We ended up studying James all summer and, in doing so, wrestled with the question “What do my words and deeds say about my faith and about me?” We discovered that James doesn’t advocate for earning one’s righteousness through works, as Luther thought, but instead stresses the importance of one’s character in Christ. Character is one’s identity reflected in what one says and does.
Thinking about character naturally leads to many questions. This month’s lectionary readings from James offer the following questions to reflect on Christian character: Do our actions and words align with our Christian faith? What virtues form a Christian character? How do practices such as prayer affect our character?
We discovered that James doesn’t advocate for earning one’s righteousness through works, as Luther thought, but instead stresses the importance of one’s character in Christ.
I’ve also been asking myself, “Does character matter?” Based on how our society talks about politics and justice for people of varying race, gender and sexual orientation and for the poor, my answer would be no. In media today, we receive messages that lack compassion, empathy and humility—the virtues of character.

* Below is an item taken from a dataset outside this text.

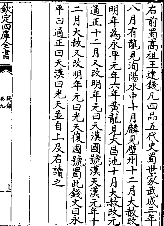 右前蜀高祖王建钱凡四品五代史蜀世家武成三年八月有龙见洵阳水中十月麟见壁州十二月大赦改

I even watch fellow Lutherans, people who have expressed deep faith in Jesus, say and do things online and beyond that contradict Christ’s call to suffer with and alongside all of God’s people. I’m prone to this as well. Many of us today act and speak reactively and have become less discerning in how we live out our relationships with friends, family and strangers. As a result, our emotional and spiritual wellness has suffered, which has left us feeling hopeless and alone. Such unwellness can lead to suicide, thoughts of suicide and harm, mental health struggles and acts of violence. All this happens, I believe, because we don’t think character matters.
Our September readings from James prove that character indeed matters. Yet for Christians, character is not a matter of choice; it starts when we allow ourselves to be formed by Christ.
As James writes, “Draw near to God, and [God] will draw near to you” (4:8). Only when we draw near to Christ and allow him to work in us will we be able to discern what to do and what to say and, importantly, reject anything that erodes our Christian character.